The hook-bridge (agent-server/src/orchestration/routing/hook-bridge.ts) registers the request in an in-memory pendingRequests map with a 30-minute TTL, and publishes a plan.submitted event on the event bus.
The hook-bridge subscriber (agent-server/src/orchestration/routing/hook-bridge-subscribers.ts) receives the event, registers the plan in the PlanApprovals singleton, and posts an interactive Slack message with Approve and Provide Feedback buttons.
When you click a button, the Slack interaction handler (agent-server/src/orchestration/interactions/interaction-handlers.ts) resolves or rejects the plan:
Approve → publishes plan.approved on the event bus, resolves the pending HTTP request, and the agent's hook script returns success, allowing the agent to proceed.
Reject → the pending HTTP request resolves with approved: false and your feedback text, which the agent receives and can use to revise.

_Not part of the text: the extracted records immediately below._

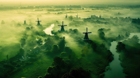 A tranquil scene showcasing lush green fields and iconic windmills shrouded in morning fog, complemented by a calm river reflecting soft sunlight.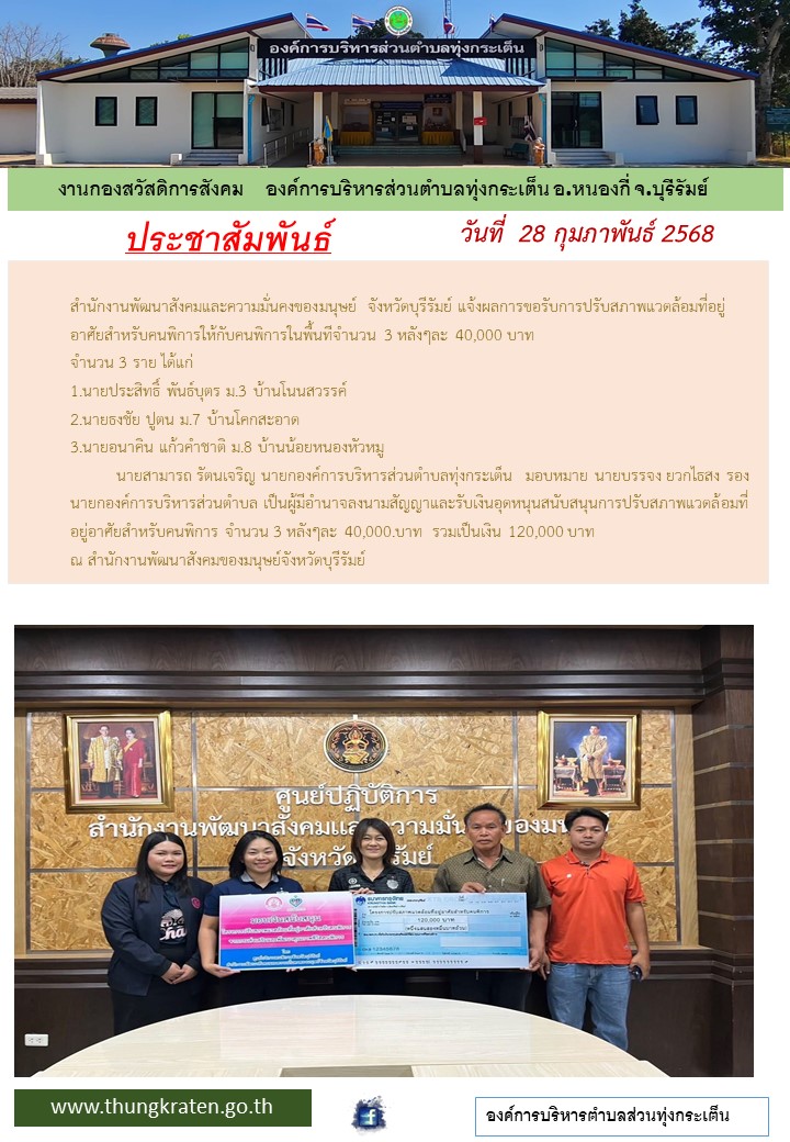 ลงนามสัญญาและรับเงินอุดหนุนสนับสนุนการปรับสภาพแวดล้อมที่อยู่อาศัยสำหรับคนพิการจากสำนักงานพัฒนาสังคมและความมั่นคงของมนุษย์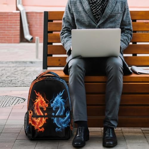 Red Blue Fire Dragon Kids Backpack, Lightweight School Bookbag Large Capacity Laptop Backpack Water Resistant Daypack Shoulder Bag for Teenager Boys Girls 7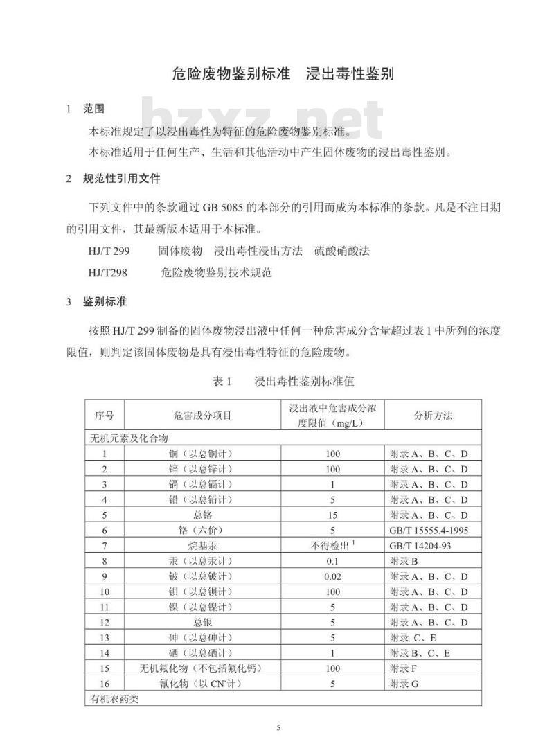 危险废物鉴别标准浸出毒性鉴别本标准规定了以浸出毒性为特征的危险废物鉴别标准。本标准适用于任何生产、生活和其他活动中产生固体废物的浸出毒性鉴别。规范性引用文件

User questions (AskUserQuestion)¶

When the agent calls AskUserQuestion (e.g., to clarify a design choice), the flow is structurally identical but uses different events:

HTTP POST to agent-server:3001/hook/ask-user-question with question definitions.
The hook-bridge publishes ask-user.requested on the event bus.
The subscriber posts a Slack message with an Answer button.
Clicking Answer opens a modal form (single-select, multi-select, or text input per question).
On modal submit, the handler publishes ask-user.answered and resolves the HTTP request with the user's answers.

PI backend difference¶

The PI coding-agent backend uses a different resolution mechanism. Instead of resolving an HTTP request, PI's plan and question responses go through sendExtensionUiResponse() — a PI-native extension UI callback. The hook-bridge provides non-blocking publish helpers (publishPlanSubmitted, publishAskUserRequested) for this path.

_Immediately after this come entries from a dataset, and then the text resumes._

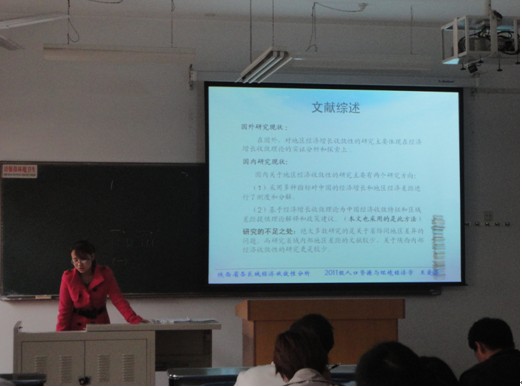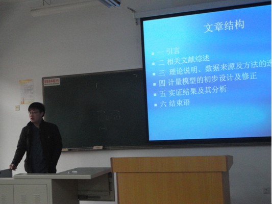 第二场获奖论文报告会于2011年11月10日16:00在1203教室举行,报告会由院研究生会学术部部长付晓平主持。11级硕士研究生王爱琴和10级硕士研究生周博就其获奖论文与同学们做了深入交流。王爱琴同学以《陕西省各区域经济收敛性分析》为题,运用三种收敛模型对陕西各区域经济的收敛性作了测度与分析,得出了陕西省三大区域经济发展差距逐步缩小的结论。周博同学的报告题为《我国官方统计数据质量问题研究—基于结构方程模型》,他运用结构方程模型对统计数据质量进行测度与分析,发现统计制度而非统计技术影响了数据质量。整个活动气氛十分活跃,同学们与主讲人之间的交流十分频繁,思想的火花在碰撞中爆发。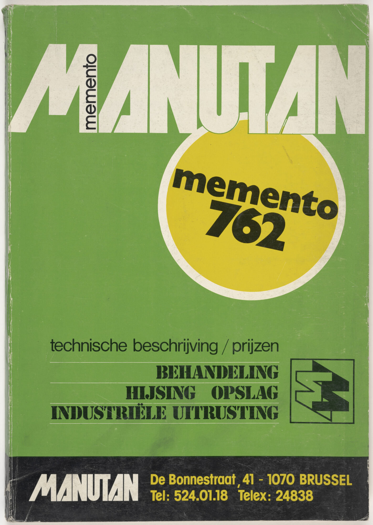 - opschriften: MANUTAN / memento 762 / technische beschrijvin / prijzen / BEHANDELING / HIJSING OPSLAG / INDUSTRIËLE UITRUSTING / MANUTAN / De Bonnestraat, 41 - 1070 BRUSSEL / Tel: 524.01.18 Telex: 24838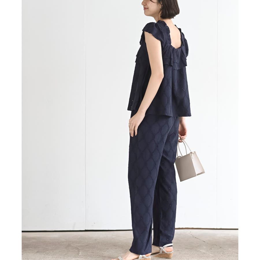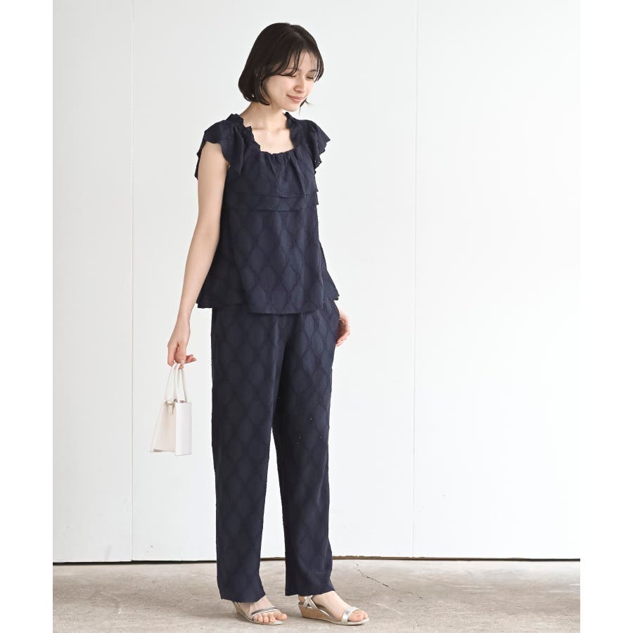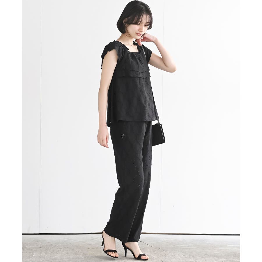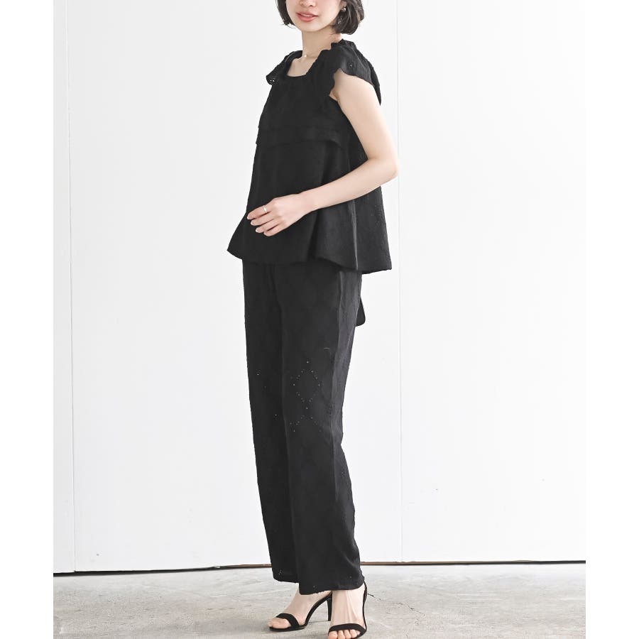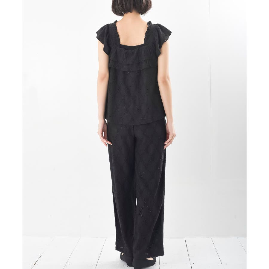 フリルブラウス×ワイドパンツレースセットアップ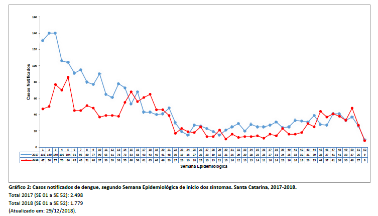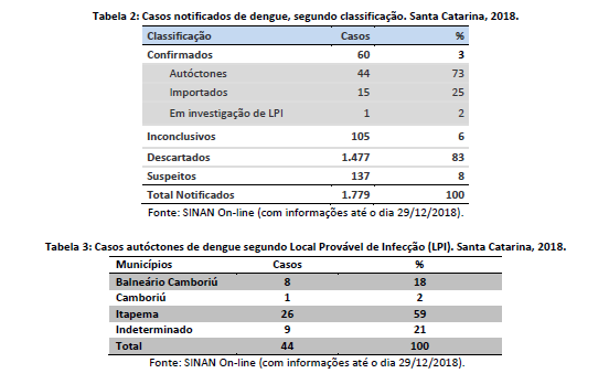 No período de 31 de dezembro de 2017 a 29 de dezembro de 2018, foram notificados 1.779 casos de dengue em Santa Catarina. Desses, 60 (3%) foram confirmados (todos pelo critério laboratorial), 105 (6%) estão inconclusivos (classificação utilizada no SINAN para os casos que, após 60 dias da data de notificação, ainda não tiveram sua investigação encerrada), 1.477 (83%) foram descartados por apresentarem resultado negativo para dengue e 137 (8%) estão sob investigação pelos municípios, conforme a Tabela 2.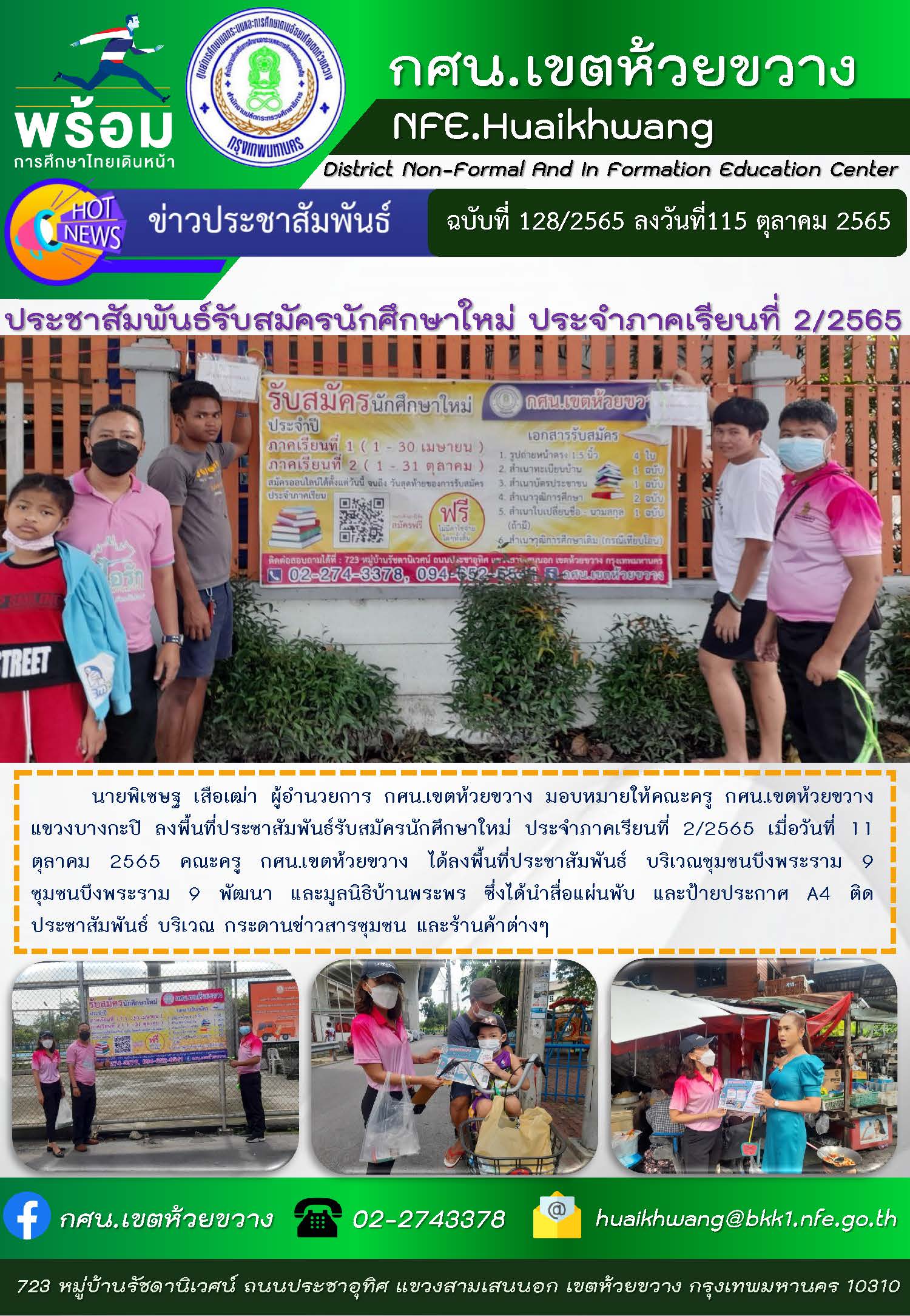 นายพิเชษฐ เสือเฒ่า ผู้อำนวยการ กศน.เขตห้วยขวาง มอบหมายให้คณะครู กศน.เขตห้วยขวาง แขวงบางกะปิ ลงพื้นที่ประชาสัมพันธ์รับสมัครนักศึกษาใหม่ ประจำภาคเรียนที่ 2/2565 เมื่อวันที่ 11 ตุลาคม 2565 คณะครู กศน.เขตห้วยขวาง ได้ลงพื้นที่ประชาสัมพันธ์ บริเวณชุมชนบึงพระราม 9 ชุมชนบึงพระราม 9 พัฒนา และมูลนิธิบ้านพระพร ซึ่งได้นำสื่อแผ่นพับ และป้ายประกาศ A4 ติดประชาสัมพันธ์ บริเวณ กระดานข่าวสารชุมชน และร้านค้าต่างๆ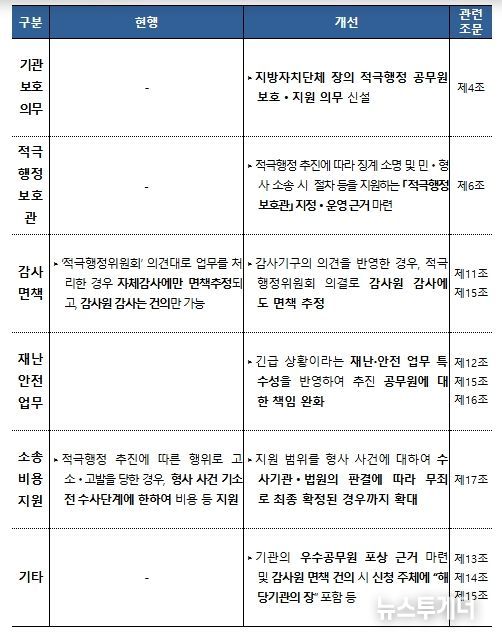 적극행정 추진으로 징계 소명 및 민·형사상 소송이 진행되는 경우 소속기관 차원의 보호·지원이 의무화되고, 적극행정 보호관을 지정해 공무원을 보호해야 한다.

Why the agent isn't given root¶

Cortex operates with the same privileges as the user who launched it. There is no sudo, no Docker socket, and no privilege escalation path. The forbidden bucket (installing system packages, modifying system config, rm -rf) exists to prevent the agent from destabilizing the machine even if it has the Unix permissions to do so.

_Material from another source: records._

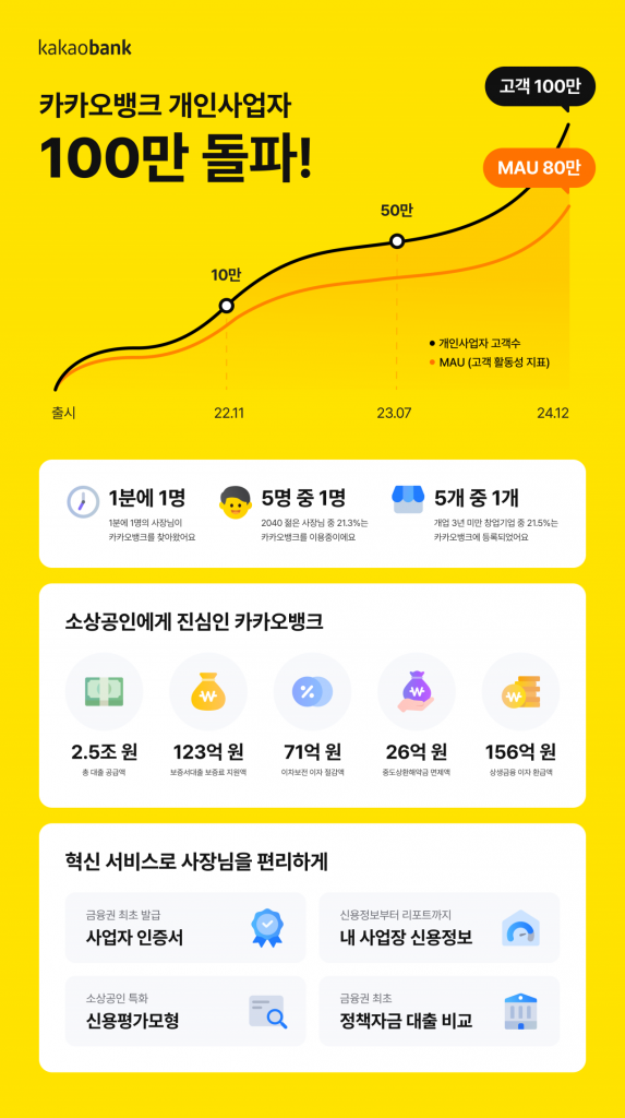 카카오뱅크는 지난 2022년 11월 개인사업자 뱅킹을 출시한 이후 출시 2년 만에 '100만 사업자'를 돌파했다. 출시 이후 2주 만에 10만, 10개월 만에 50만을 달성하는 등 가파른 증가세를 보인 바 있다. 이는 1분마다 1명 이상의 개인사업자가 카카오뱅크에 가입한 셈이다.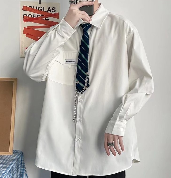 チェーン+ネクタイ付シャツ3色ブラウス長袖トップス無地シンプルポケットロゴ白ホワイト黒ブラック青ブルーダンス衣装ヒップホップレディースメンズガールズストリート韓国奇抜派手おしゃれ大きいサイ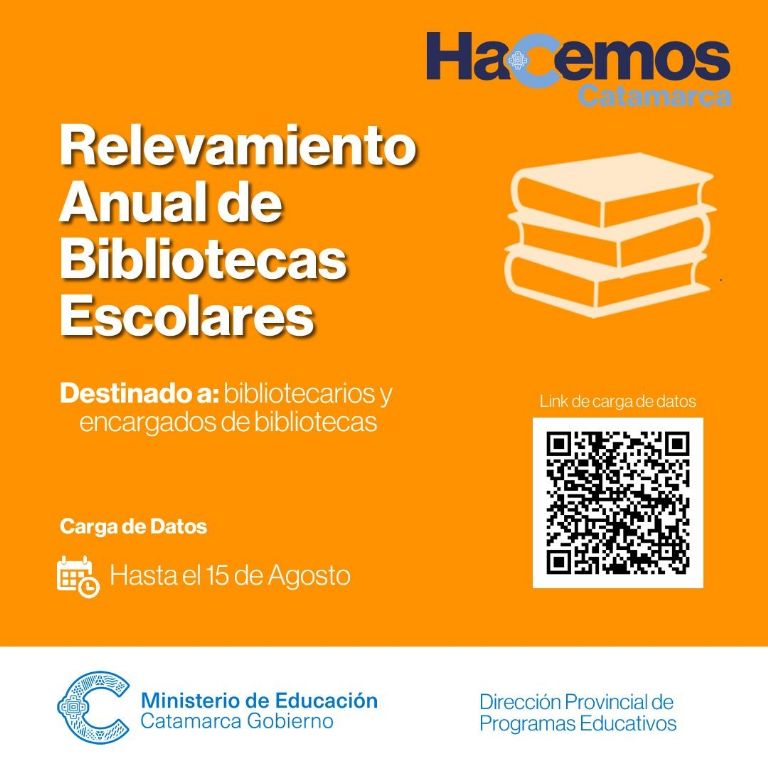 Los bibliotecarios y encargados de bibliotecas deberán ingresar a https://bit.ly/3PYKS3w para realizar la carga, con plazo hasta el día lunes 15 de agosto.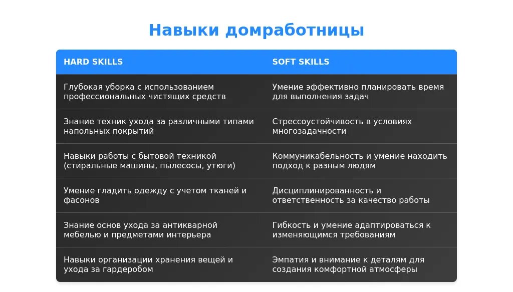 - Переоценка опыта: "Я знаю всё о домоводстве". Лучше: "Имею опыт в уборке, стирке и организации пространства".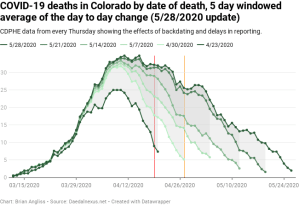 For a larger image, click the figure. For a larger, interactive image, click hereFrom the number of deaths by date of death (right), we can see that last week’s small lump around May 1 has turned into a much larger lump. This is at about the earliest we could expect to see impacts from the April 19 anti-lockdown protests, but it could be due to something else entirely. The larger concern is that we’re seeing signs of a slowdown in deaths by date of death just as we are deaths by date of illness onset. From about May 12 onward we see that the sharp decline in deaths has started to flatten out. I would expect it to flatten to roughly match, on average, the deaths by illness onset.

On remote machines, the cortex-client process also runs as the user who started it — no privilege escalation. The WebSocket protocol between server and client has no authentication token (it trusts the network boundary), so the client should only be exposed on localhost or behind a Tailscale/VPN perimeter.

Audit trail¶

Approvals are logged in three places:

PENDING_APPROVALS.md — each queued operation is appended here with full detail and final status (approved/rejected). This is the human-readable audit trail.
Event bus JSONL — plan.submitted and plan.approved events are persisted by the event logger to daily-rolling events-YYYYMMDD.jsonl files in ~/.cortex/data/.
Slack conversation — every approval interaction leaves a visible Slack message with the Approve/Provide Feedback buttons or the question modal. The conversation history is the operational record.

Configuration¶

The safety boundary classification lives in the root CORTEX.md at ~/.cortex/CORTEX.md under the "安全边界" (Safety Boundary) section. The need-approval skill maintains a synced copy. If you modify the safety boundary rules, update both locations.

The PENDING_APPROVALS.md file lives at ~/.cortex/context/PENDING_APPROVALS.md. It is created automatically on first use.

No additional configuration is required — the approval system is built into the agent's core reasoning and fires automatically when the agent considers a high-privilege operation.